In a study to be presented at the ACM Symposium on Applied Perception, Aug. 8-9, in Vancouver, Canada, Disney researchers worked with human participants and a Carnegie Mellon University psychologist to establish a library of 40 feel effects matched to descriptions that designers without a deep background in haptic effects can readily understand.
"Currently there are no guidelines to design haptic experience, so we formulated a procedure that associates haptic patterns to events in the story the same way as we describe these events with words and phrases," said Ali Israr, senior research engineer at Disney Research Pittsburgh.
The feel effects explored in the study range from common phenomenon, such as heavy rain or light rain, to more specific experiences, such as squeezing into a cockpit or feeling a hamster run across your back. And the library of effects are categorized and described in such a way as to help designers develop new sensations as needed.
Haptic feedback comes in a variety of forms, but this study concerned only vibrotactile effects and specifically those created by an array of vibrators embedded into a chair back, such as in gaming chairs, theater seats and ride vehicles, or in apparel such as game vests.
The researchers began by designing preliminary feel effects for descriptions in everyday language. Participants read the description, experienced the associated haptics, and then were asked to rate how well each effect matched the description.
Using a simple interface with sliders they were also given the chance to show how the effect might be changed to better fit the description.
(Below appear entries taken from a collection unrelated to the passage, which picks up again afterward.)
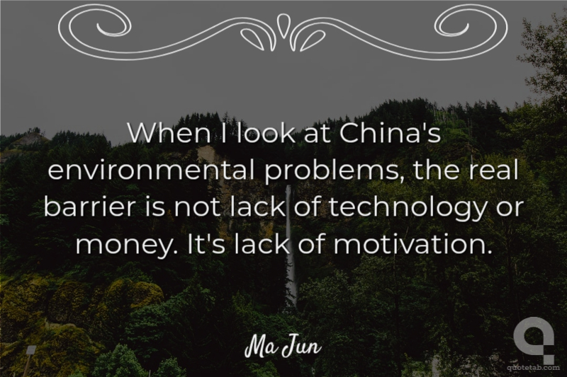 When I look at China's environmental problems, the real barrier is not lack of technology or money. It's lack of motivation. Ma Jun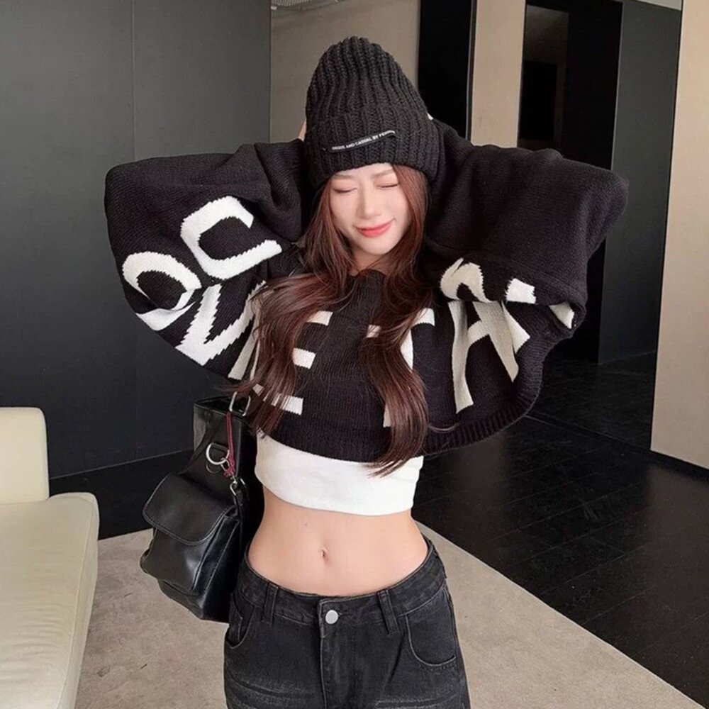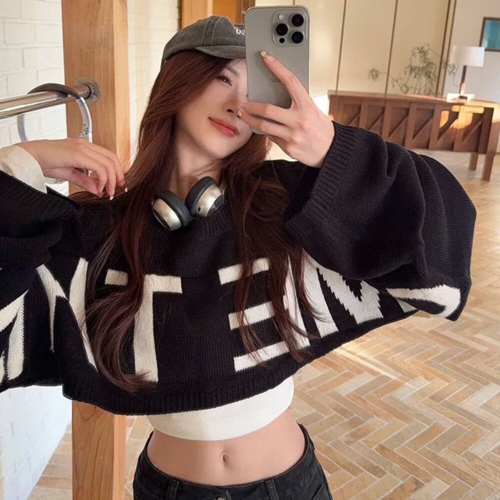【台灣發貨】韓版寬鬆設計感短版毛衣 長袖上衣 長袖t恤 衣服 女裝 上衣【W694】-圖片-6
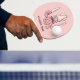 tecknad av rosa bläckkock med mustasch som håller knivar och kokgaffel. Anpassningsbarnas bakgrund färg. Anpassningsbar. Sömlös mönster på baksidan.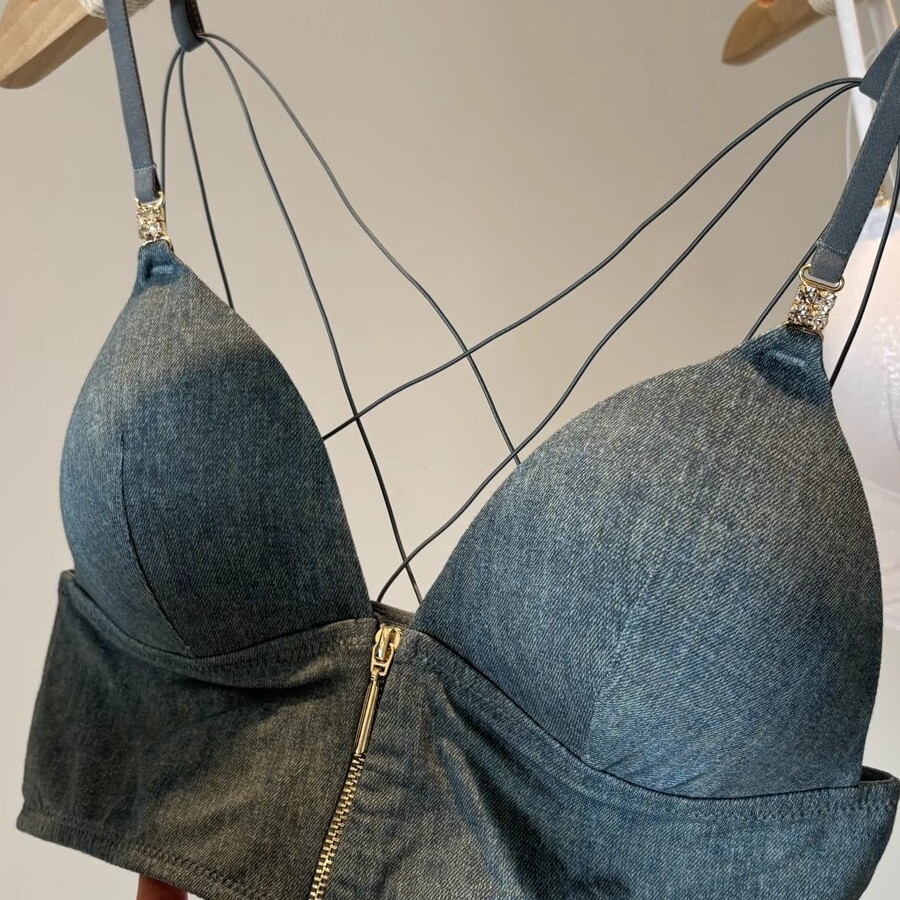 美背交叉吊带女内搭带胸垫小背心细肩带文胸深v性感法式 内衣新款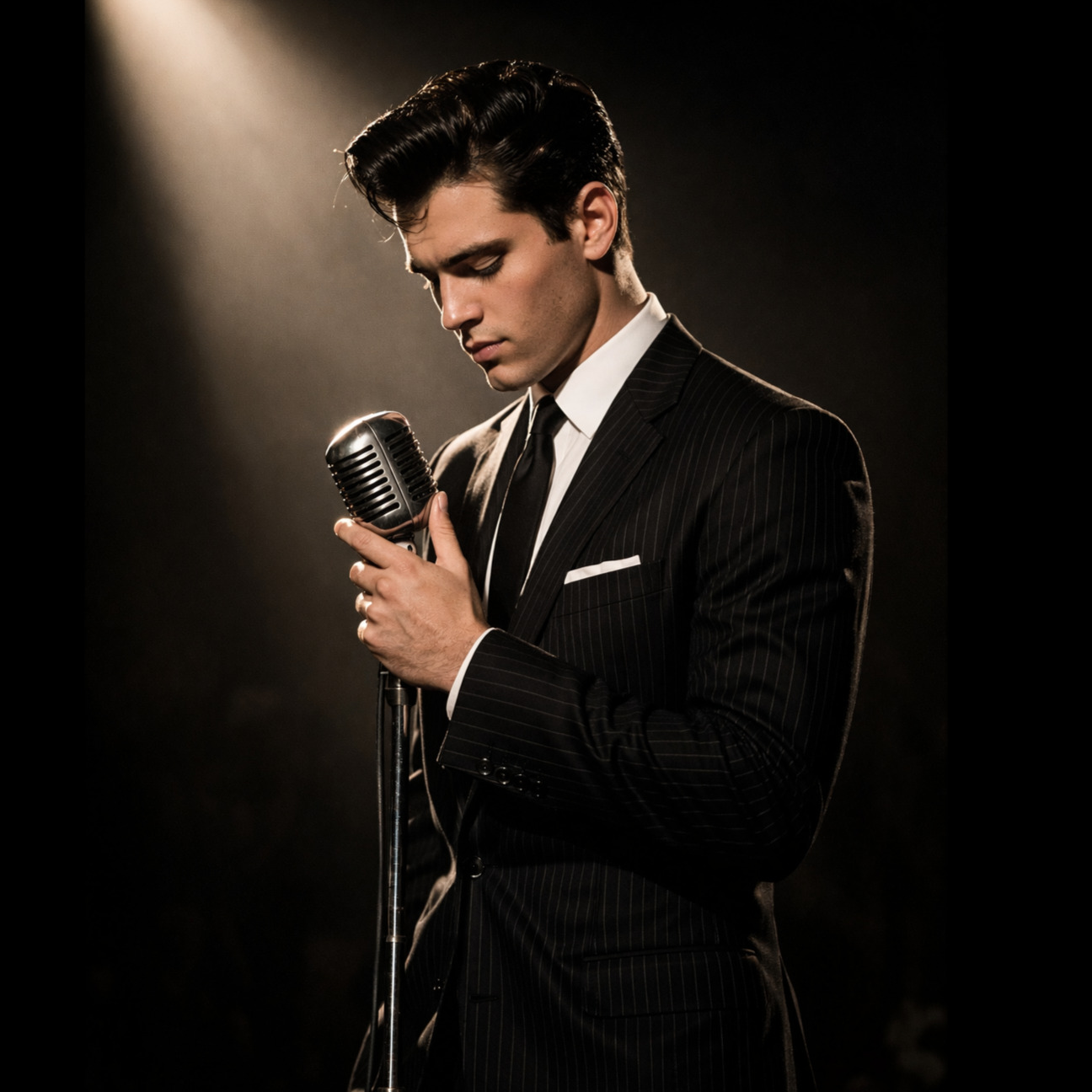 Rock and roll, rockabilly, 50's, driving beat, sultry male voice, stomp, clap, clean vocal

The initial feeling of "light rain," for example, might be changed by sliding the value for "how many drops" to the lower end of the scale. The final effects and their descriptions were then tested on a second group of participants to see if there was agreement between different subjects. They also were tested to determine how well the descriptions matched to synonyms – heavy rain vs. a downpour.
Israr said there was general agreement between the groups, though some feel effects gave the subjects more trouble than others. "Squeezing into a cockpit" and "squeezing into a cave" were low scoring effects and some people had a hard time differentiating between an elbow poke and a joystick poke. In some cases, he said, that may be because people have less real-life experience with the effect; in some cases, it may reflect a technical shortcoming in the effect.
The effects were organized into families – rain, multi-legged locomotion, striking, brushing, pulse and motor sounds. People were asked to identify the extreme ranges for each family – a heavy vs. light rain, a calm heartbeat vs. a racing heartbeat. "This enables a designer to pick a desired feel effect and then have some tools to control them, to tune them to a given situation," Israr said.
Many more feel effects need to be added to the library and many more issues remain to be addressed, such as how different array configurations alter a feel effect and how vibrotactile sensations can be coordinated with other feel effect modalities, he added.